§ EXERCISE OBJECTIVE: An exact repetition of the data below, without images, is the expected answer.

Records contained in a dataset
Segment Open

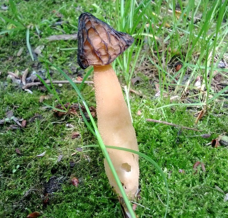 ... wobei Pablo auf dieses Exemplar stieß: die Halbfreie Morchel (Morchella semilibera) oder auch Käffchen-Morchel.
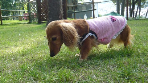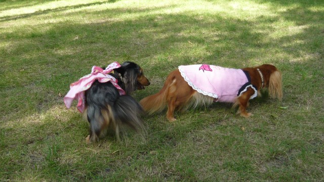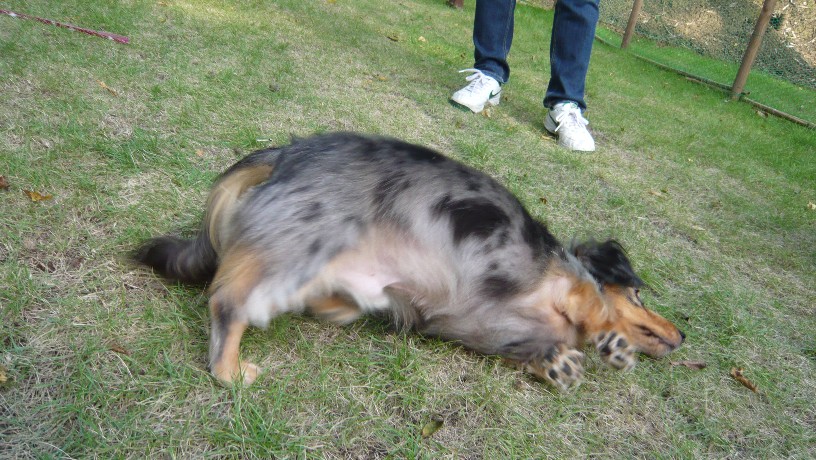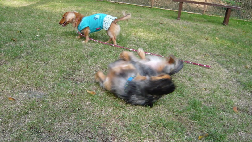 ちょこヴァニちゃんも芝スリスリするんですね~
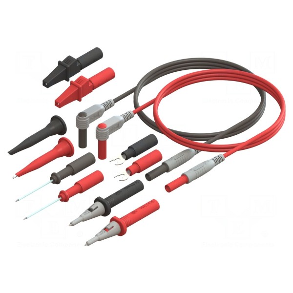 Zestaw akcesoriów pomiarowych przeznaczony do współpracy z multimetrami. Elementy kompletu charakteryzują się prądem znamionowym wynoszącym 3A, 5A oraz 10A, co umożliwia wykonywanie pomiarów w różnych warunkach roboczych. Zestaw występuje w kolorystyce czarnej oraz czerwonej.
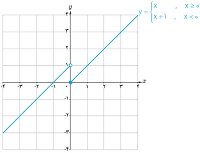 7 نمودار تابعی را رسم کنید که در هر یک از بازه های \(\left( { - \infty ,0} \right)\) و \(\left( {0, + \infty } \right)\) اکیداً صعودی باشد ولی در R اکیداً صعودی نباشد.
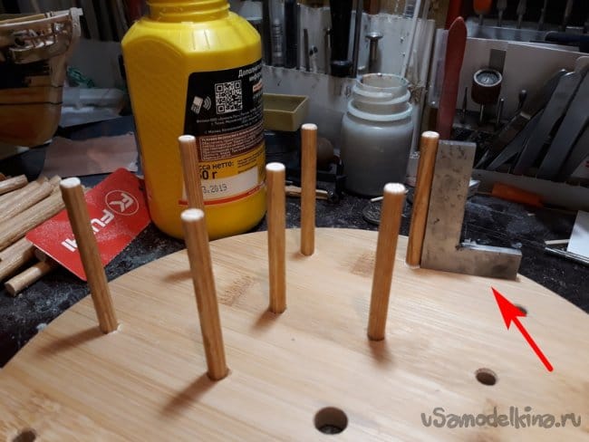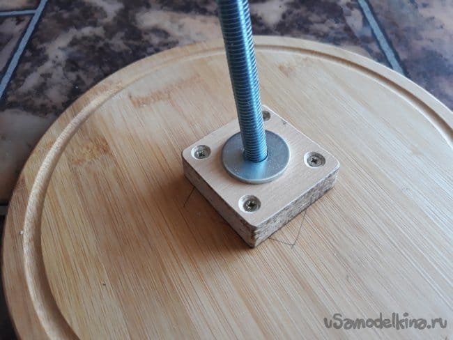 Далее брусок закрепил на клей ПВА и саморезы в центре основания.
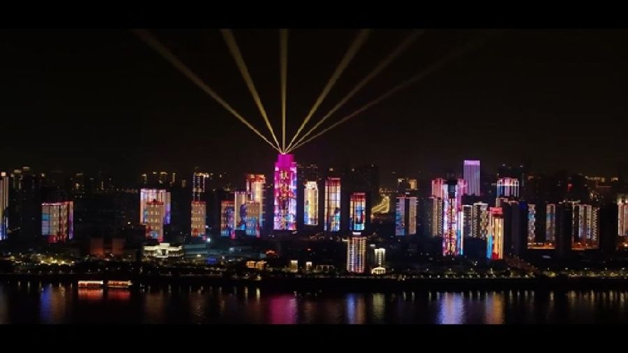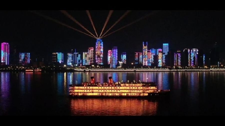 來自這座城市的滿滿謝意,將長江裝點成閃耀的“銀河”,與星空交相輝映。
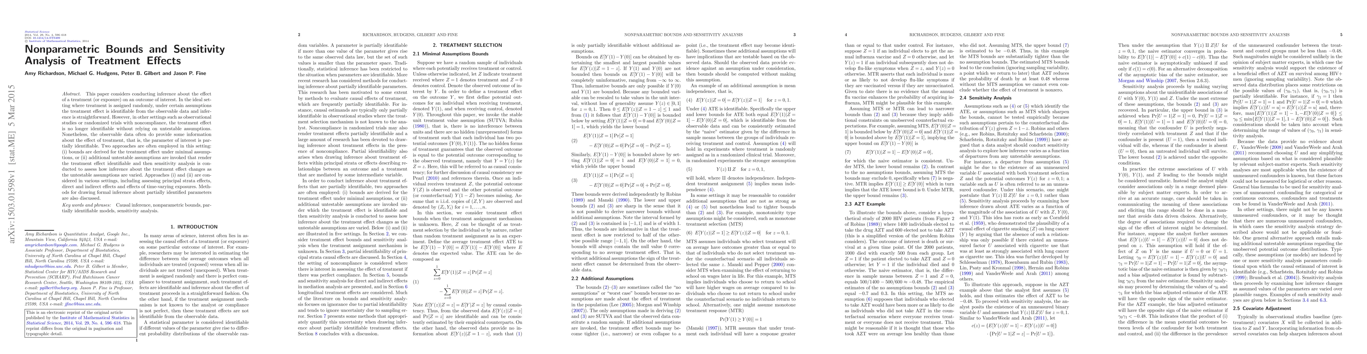 This paper explores the inference about treatment effects in observational studies and noncompliant randomized trials, focusing on deriving bounds for the treatment effect under minimal assumptions and conducting sensitivity analyses to assess the impact of untestable assumptions. Methods for formal inference about partially identified parameters are also discussed.
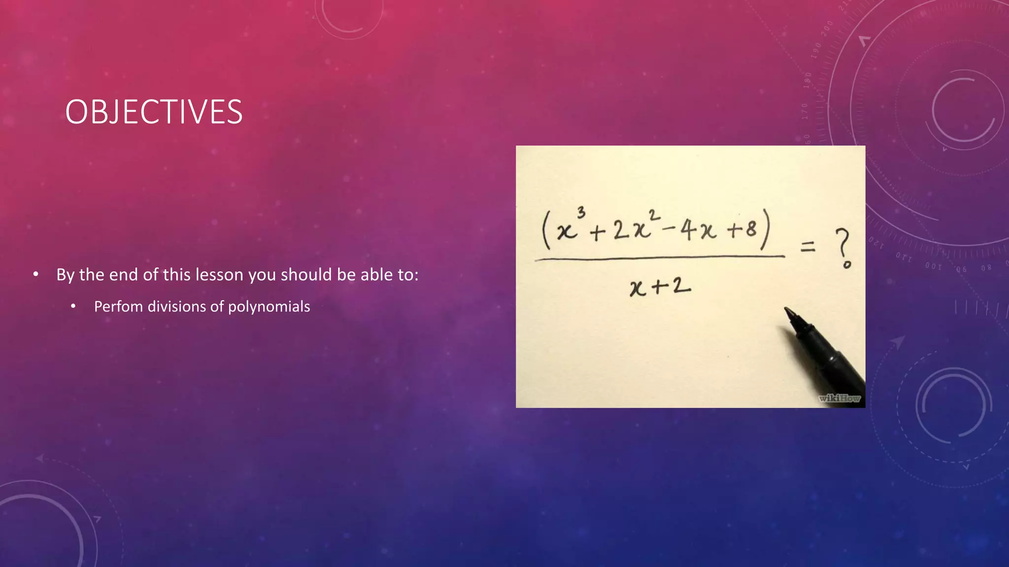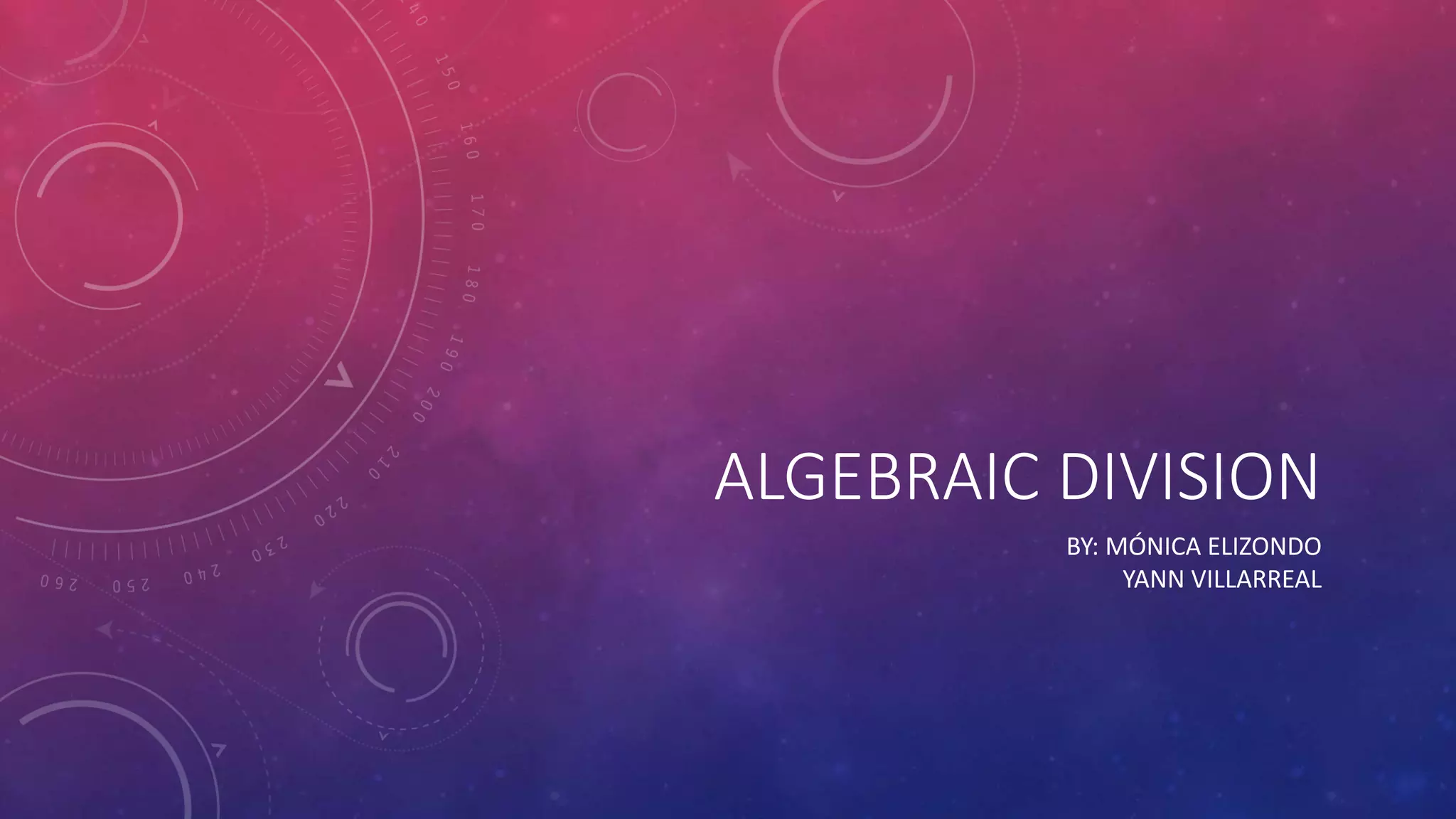 This document discusses algebraic division of polynomials. It begins by explaining the laws of exponents used in polynomial division. Specifically, it covers dividing powers of the same base and the meaning of the zero exponent. It then describes the three types of algebraic division: division of monomials, division of a polynomial by a monomial, and division of two polynomials. Steps for performing each type of division are provided. An example problem demonstrates dividing two polynomials.
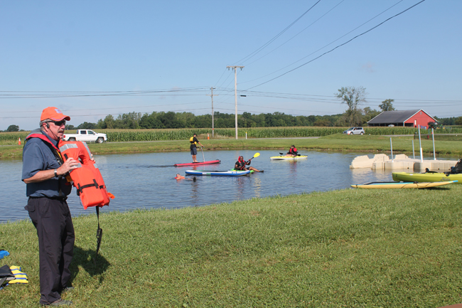 USCGA member Gene Little, left, describes the various styles of USCG-approved life preservers worn by demonstrators with Morgan Marine, New York Sea Grant, and the New York State Parks Marine Services Unit on the pond at the 2019 Empire Farm Days in Seneca Falls, NY. Credit: Empire Farm Days.
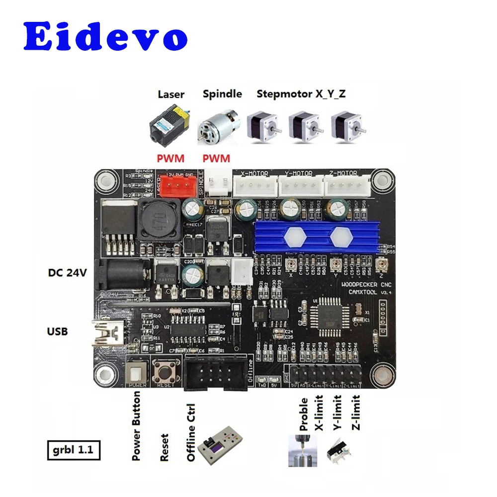 Лазерная контроллер гравировальной машины с ЧПУ, 3-осевая GRBL 1.1f USB-порт, лазерный гравер V3.4 для CNC3018 CNC 3018PRO
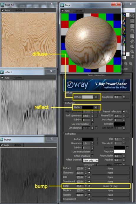 There are a lot of advanced materials that I use in the simple scene. I only use standard method color selector to set the diffuse and reflect properties.· 在這個簡單的場景里有很多高級材質設置,在反射上只用到了基本的方法,沒什么特別的。Wood floor · 地板
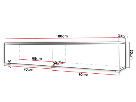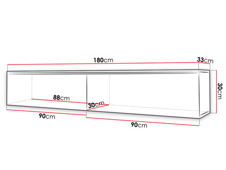 TV skrinka Dlana180 MDF štýlovo doplní priestor vašej obývačky. Môžete si ju dokonale prispôsobiť svojim preferenciám aranžovania. Môžete ju položiť na zem alebo zavesiť na stenu. Skrinka nemá žiadne úchytky, čo jej dodáva minimalistický vzhľad. Priestranné vnútro TV skrinky uľahčuje uloženie rôznych predmetov, od platní, cez káble, až po knihy. Všetky potrebné veci si tu nájdu svoje miesto a v obývačke bude poriadok.
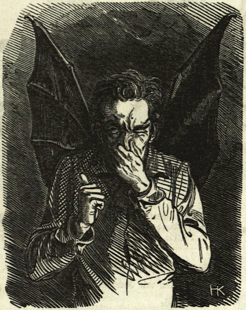 #vintage illustration #demon #winged man #bad smell #stinky
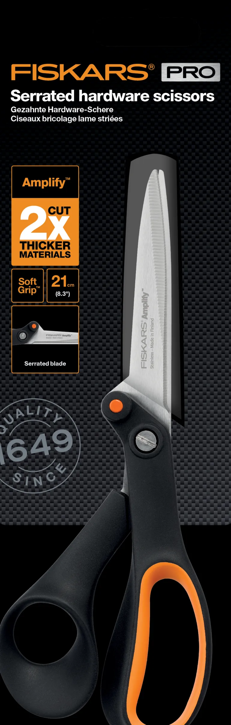 Näissä korkealaatuisissa saksissa on hammastettu terä, joka tarttuu liukkaisiin materiaaleihin ja tuottaa virheettömiä tuloksia. Hammasterällä varustetut Amplify-sakset sopivat erinomaisesti vaativiin leikkuutöihin, koska ne estävät terän irtoamisen ja pakottavat terät takaisin leikkaamaan puhtaasti erityisen tehokkaiden materiaalien avulla. Tämä uskomaton saksiteknologian innovaatio tarkoittaa, että voit leikata materiaaleja, kuten nahkaa, kangasta ja mattoja, tehokkaammin kuin koskaan. Näissä ainutlaatuisissa saksissa on lisäksi hammastettu terä, joka tarttuu liukkaisiin materiaaleihin ja tuottaa virheettömiä tuloksia.
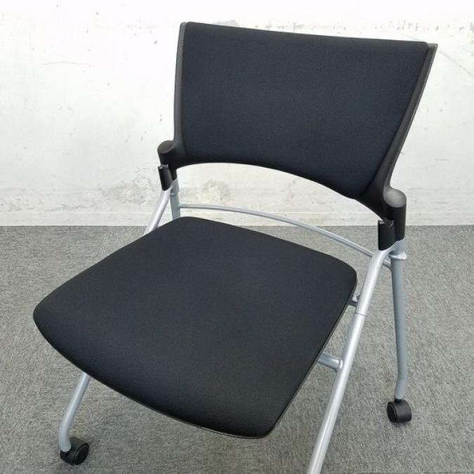 【関西倉庫在庫品】【平行に重ねて省スペース!使い勝手抜群のミーティングチェア!】■イトーキ マノスシリーズ ネスティングチェア 座ブラック 背ホワイト キャスター付【ITOKI Manos】【W】
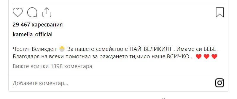 „Честит Великден! За нашето семейство е НАЙ-ВЕЛИКИЯТ. Имаме си БЕБЕ. Благодаря на всеки, помогнал за раждането ти, мило наше ВСИЧКО", написа тя, като добави сърчица след поста си.
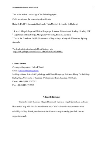 Dodd, H. F. orcid id iconORCID: https://orcid.org/0000-0003-1446-5338, Stuijfzand, S., Morris, T. and Hudson, J. L. (2015) Child anxiety and the processing and ambiguity. Cognitive Therapy and Research, 39 (5). pp. 669-677. ISSN 0147-5916 doi: 10.1007/s10608-015-9689-1
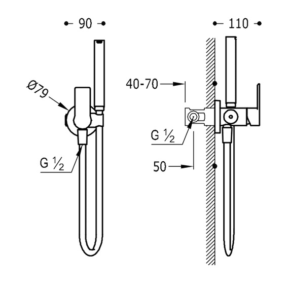 Комплект складається з одноважільного змішувача і душа з запірним клапаном на рукоятці, розташовується близько унітазу і може виконувати функцію біде.
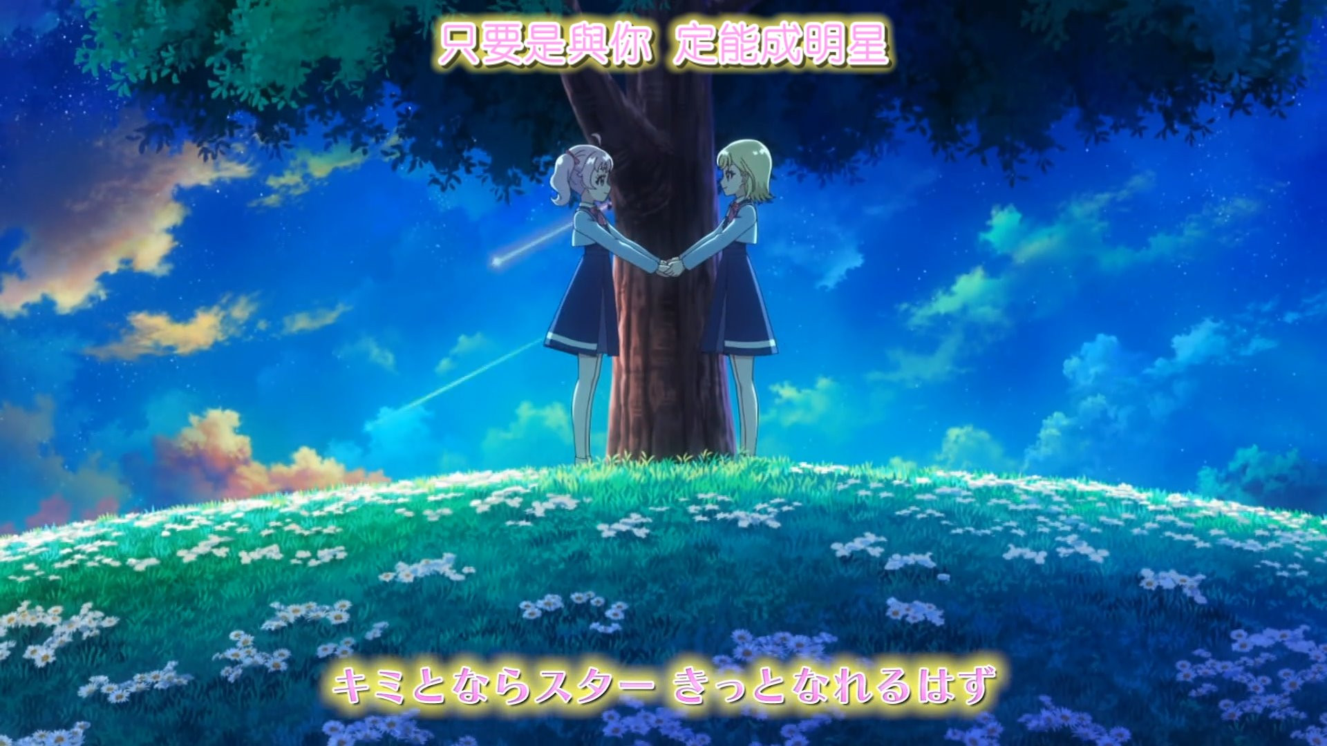 最後也真的實現了 兩人一起成為star愛噗哩 想到這裡就好難過喔 一期是兩人一起成為star 二期為了追尋各自憧憬中的自己 離別確定了 嗚嗚哇哇哇 --

Segment Closed

§ ANSWER FOR THIS EXERCISE:
 ... wobei Pablo auf dieses Exemplar stieß: die Halbfreie Morchel (Morchella semilibera) oder auch Käffchen-Morchel.
 ちょこヴァニちゃんも芝スリスリするんですね~
 Zestaw akcesoriów pomiarowych przeznaczony do współpracy z multimetrami. Elementy kompletu charakteryzują się prądem znamionowym wynoszącym 3A, 5A oraz 10A, co umożliwia wykonywanie pomiarów w różnych warunkach roboczych. Zestaw występuje w kolorystyce czarnej oraz czerwonej.
 7 نمودار تابعی را رسم کنید که در هر یک از بازه های \(\left( { - \infty ,0} \right)\) و \(\left( {0, + \infty } \right)\) اکیداً صعودی باشد ولی در R اکیداً صعودی نباشد.
 Далее брусок закрепил на клей ПВА и саморезы в центре основания.
 來自這座城市的滿滿謝意,將長江裝點成閃耀的“銀河”,與星空交相輝映。
 This paper explores the inference about treatment effects in observational studies and noncompliant randomized trials, focusing on deriving bounds for the treatment effect under minimal assumptions and conducting sensitivity analyses to assess the impact of untestable assumptions. Methods for formal inference about partially identified parameters are also discussed.
 This document discusses algebraic division of polynomials. It begins by explaining the laws of exponents used in polynomial division. Specifically, it covers dividing powers of the same base and the meaning of the zero exponent. It then describes the three types of algebraic division: division of monomials, division of a polynomial by a monomial, and division of two polynomials. Steps for performing each type of division are provided. An example problem demonstrates dividing two polynomials.
 USCGA member Gene Little, left, describes the various styles of USCG-approved life preservers worn by demonstrators with Morgan Marine, New York Sea Grant, and the New York State Parks Marine Services Unit on the pond at the 2019 Empire Farm Days in Seneca Falls, NY. Credit: Empire Farm Days.
 Лазерная контроллер гравировальной машины с ЧПУ, 3-осевая GRBL 1.1f USB-порт, лазерный гравер V3.4 для CNC3018 CNC 3018PRO
 There are a lot of advanced materials that I use in the simple scene. I only use standard method color selector to set the diffuse and reflect properties.· 在這個簡單的場景里有很多高級材質設置,在反射上只用到了基本的方法,沒什么特別的。Wood floor · 地板
 TV skrinka Dlana180 MDF štýlovo doplní priestor vašej obývačky. Môžete si ju dokonale prispôsobiť svojim preferenciám aranžovania. Môžete ju položiť na zem alebo zavesiť na stenu. Skrinka nemá žiadne úchytky, čo jej dodáva minimalistický vzhľad. Priestranné vnútro TV skrinky uľahčuje uloženie rôznych predmetov, od platní, cez káble, až po knihy. Všetky potrebné veci si tu nájdu svoje miesto a v obývačke bude poriadok.
 #vintage illustration #demon #winged man #bad smell #stinky
 Näissä korkealaatuisissa saksissa on hammastettu terä, joka tarttuu liukkaisiin materiaaleihin ja tuottaa virheettömiä tuloksia. Hammasterällä varustetut Amplify-sakset sopivat erinomaisesti vaativiin leikkuutöihin, koska ne estävät terän irtoamisen ja pakottavat terät takaisin leikkaamaan puhtaasti erityisen tehokkaiden materiaalien avulla. Tämä uskomaton saksiteknologian innovaatio tarkoittaa, että voit leikata materiaaleja, kuten nahkaa, kangasta ja mattoja, tehokkaammin kuin koskaan. Näissä ainutlaatuisissa saksissa on lisäksi hammastettu terä, joka tarttuu liukkaisiin materiaaleihin ja tuottaa virheettömiä tuloksia.
 【関西倉庫在庫品】【平行に重ねて省スペース!使い勝手抜群のミーティングチェア!】■イトーキ マノスシリーズ ネスティングチェア 座ブラック 背ホワイト キャスター付【ITOKI Manos】【W】
 „Честит Великден! За нашето семейство е НАЙ-ВЕЛИКИЯТ. Имаме си БЕБЕ. Благодаря на всеки, помогнал за раждането ти, мило наше ВСИЧКО", написа тя, като добави сърчица след поста си.
 Dodd, H. F. orcid id iconORCID: https://orcid.org/0000-0003-1446-5338, Stuijfzand, S., Morris, T. and Hudson, J. L. (2015) Child anxiety and the processing and ambiguity. Cognitive Therapy and Research, 39 (5). pp. 669-677. ISSN 0147-5916 doi: 10.1007/s10608-015-9689-1
 Комплект складається з одноважільного змішувача і душа з запірним клапаном на рукоятці, розташовується близько унітазу і може виконувати функцію біде.
 最後也真的實現了 兩人一起成為star愛噗哩 想到這裡就好難過喔 一期是兩人一起成為star 二期為了追尋各自憧憬中的自己 離別確定了 嗚嗚哇哇哇 --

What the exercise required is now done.